Garlic poisoning is also known to cause gastrointestinal upset, anemia, along with many others. Here are some other common symptoms of garlic poisoning:
- Bad breath
- Blood in the urine
- Red or brown urine
In the event you witness your dog exhibiting any of these symptoms, contact your vet immediately.
These are not the only symptoms of garlic poisoning, which is why it should be taken very seriously. For more information about how dogs react to garlic, you can check out this website: whatthepup.spotandtango.com/is-garlic-bad-for-dogs/.
Can Affect Some Breeds More Than Others
While garlic is generally bad for most dogs, it can affect some breeds more adversely than others. It is especially dangerous in the form of powdered seasoning and can have much more severe effects on Japanese breeds.
Breeds, including the Akita, Spitz, and Shiba Inu, have exhibited much more severe reactions to garlic. Experts aren’t entirely sure why this happens, but it is theorized that their high red blood cell count and low glutathione.
These traits are hereditary, so they pass from parents to their puppies, in these breeds and could be one of the reasons they have such serious reactions to garlic.
Should I Feed My Dog Garlic?
There are many articles out there that claim to feed your dog small amounts of garlic can benefit their health. And while this might be true in special cases, it is simply not worth the risk.
All dogs are susceptible to having adverse reactions to garlic. This is especially true when fed in large amounts or powdered form. Some dogs will have much more severe reactions than others, and it can be impossible to know.
So, to stay on the safe side, keep your dogs away from garlic and other members of the allium family. This ensures that they won’t run into any health complications, allowing them to live happy and healthy lives.

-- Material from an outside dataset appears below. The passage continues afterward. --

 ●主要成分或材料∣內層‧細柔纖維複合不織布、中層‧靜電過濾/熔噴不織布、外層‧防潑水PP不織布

Other Human Foods That Your Dog Must Avoid
Besides garlic and onion, there are other foods that are present in our daily lives that shouldn’t be digested by dogs. Some examples are avocados, grapes and raisins, nuts (walnuts, macadamia nuts, chestnuts), coffee and tea, and sadly chocolate.

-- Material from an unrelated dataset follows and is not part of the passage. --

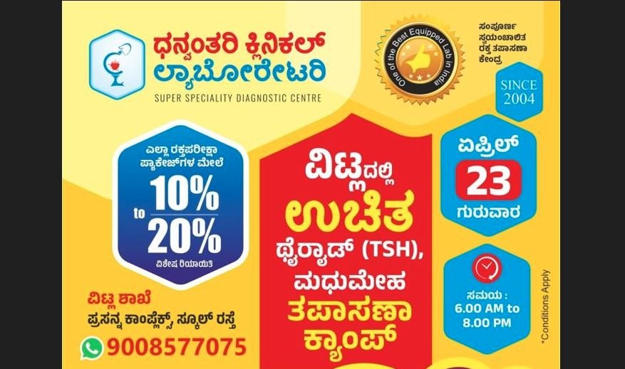 ವಿಟ್ಲದ ಸ್ಕೂಲ್ ರಸ್ತೆಯಲ್ಲಿರುವ ಪ್ರಸನ್ನ ಕಾಂಪ್ಲೆಕ್ಸ್ ನಲ್ಲಿರುವ ಧನ್ವಂತರಿ ಕ್ಲಿನಿಕಲ್ ಲ್ಯಾಬೊರೇಟರಿ ಸೂಪರ್ ಸ್ಪೆಷಾಲಿಟಿ ಡಯಾಗ್ನಾಸ್ಟಿಕ್ ಸೆಂಟರ್ ನಲ್ಲಿ ಕ್ಯಾಂಪ್ ನಡೆಯಲಿದ್ದು, ಸಾರ್ವಜನಿಕರು ಇದರ ಸದುಪಯೋಗ ಪಡೆದುಕೊಳ್ಳಬಹುದು.

Avocados contain a toxin called persin that is dangerous for pets (cats too), while grapes and raisins even in small amounts can cause kidney failure to your dog. Meanwhile, coffee, tea, and chocolate have caffeine and theobromine, which is a big no for animals. Since they are quite small, their system can’t handle the effects on the nervous system, so these ones are also very unsafe.
Finally, don’t feed your dog any nuts. They are mostly toxic for them to eat and can cause vomit and hyperthermia. Again, contact your vet if your dog has ingested any of the products above.

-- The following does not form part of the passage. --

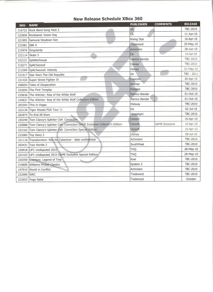 The list of release dates covers titles from March to TBA 2010. Among these titles, October seems to be their biggest resting place, with Band Hero 2, Call of Duty 7, DJ Hero 2, and Fallout: New Vegas. Strangely, a listing for James Bond Racing was posted as well, which is currently an unannounced title. Apparently, this racing title will hit in October as well. For September, we’ll be seeing Brink, and Crysis 2 – which received an exact date of the 24th. The most surprising listing out of them all is most likely Metal Gear Solid: Rising, a title we didn’t expect for a while now, considering it has almost no information whatsoever. Rising is set to release the same day as Crysis 2, September 24th.
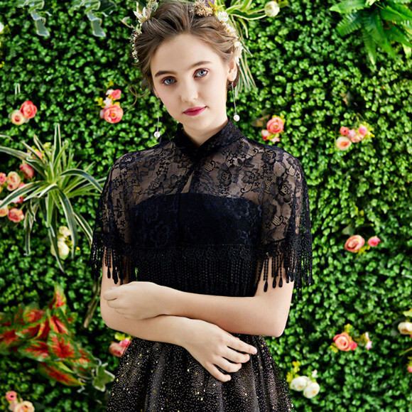 刺繍付きのボレロ 結婚式 披露宴 二次会 発表会のパーティードレスのコーディネートにおススメレディースファッション ドレス

Garlic is part of the allium family and contains thiosulphate, which can cause damage to a dog’s digestion. You should seek alternative foods and check the ingredients of the food you are giving your dog, to avoid any traces of garlic.
If you suspect your dog has eaten garlic, don’t panic. In residual amounts, it can be digested with no harm, but it’s still better to keep your dog under vigilance, in case he or she presents some unexpected symptoms. In that case, please contact your vet as soon as possible, as they will tell you immediately what to do.
Although your dog is your best friend, your nutritional needs are different, and you shouldn’t feed him the same as you feed yourself without checking first if it’s safe for him/her to eat it.